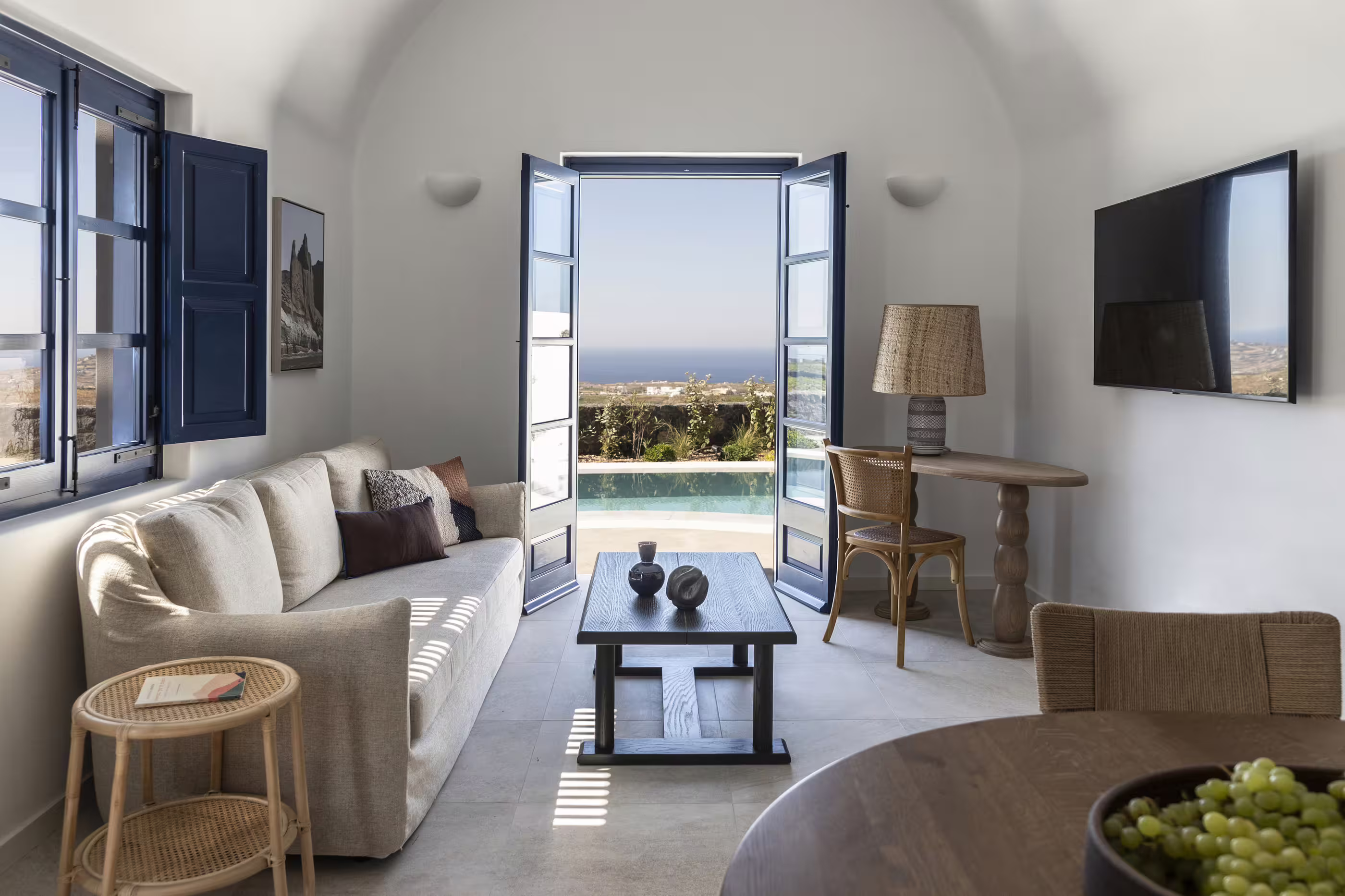 - Olympian Villa (75 m²) – One-bedroom villa, pool, outdoor Jacuzzi, living area, vineyard and sea views
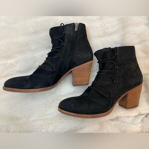Sam Edelman Women 8.5M Millard Black Suede Lace Up/Suede Zip Ankle Booties
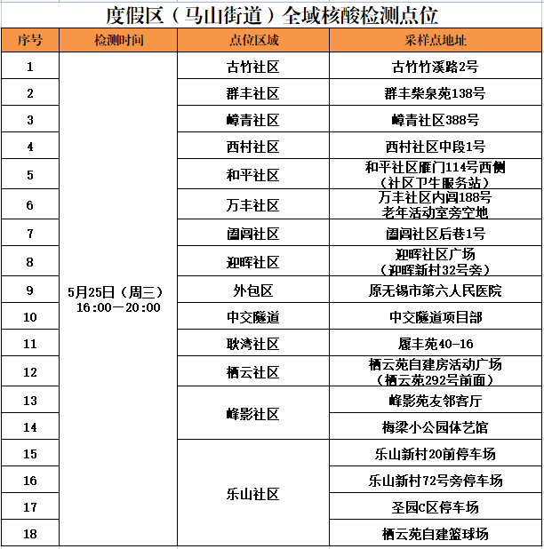 根据无锡市疫情防控指挥部统一部署,度假区(马山街道)定于5月25日在辖区范围内开展全域核酸检测,现将有关事项通知如下:
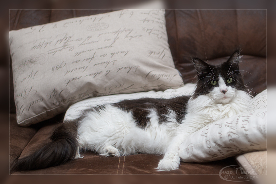 Edoardo hat sich mit einem Stinkekissen ein Ruheplätzchen gesucht.
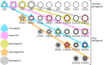 Regular convex and star polygons with 3 to 12 vertices labelled with their Schläfli symbols
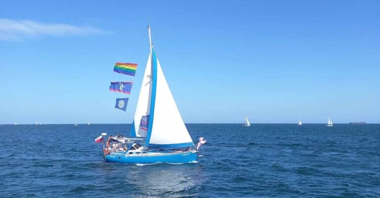 Dzień dobry! Wygląda na to, że obiadek będzie już w Helu. Właśnie mijamy Rozewie 🙂

# Brief
Beginning with the line where "Sam Edelman Women" appears, transcribe the records above word for word through their last line, and include no pictures.

# Result of the exercise
Sam Edelman Women 8.5M Millard Black Suede Lace Up/Suede Zip Ankle Booties
 根据无锡市疫情防控指挥部统一部署,度假区(马山街道)定于5月25日在辖区范围内开展全域核酸检测,现将有关事项通知如下:
 Edoardo hat sich mit einem Stinkekissen ein Ruheplätzchen gesucht.
 Regular convex and star polygons with 3 to 12 vertices labelled with their Schläfli symbols
 Dzień dobry! Wygląda na to, że obiadek będzie już w Helu. Właśnie mijamy Rozewie 🙂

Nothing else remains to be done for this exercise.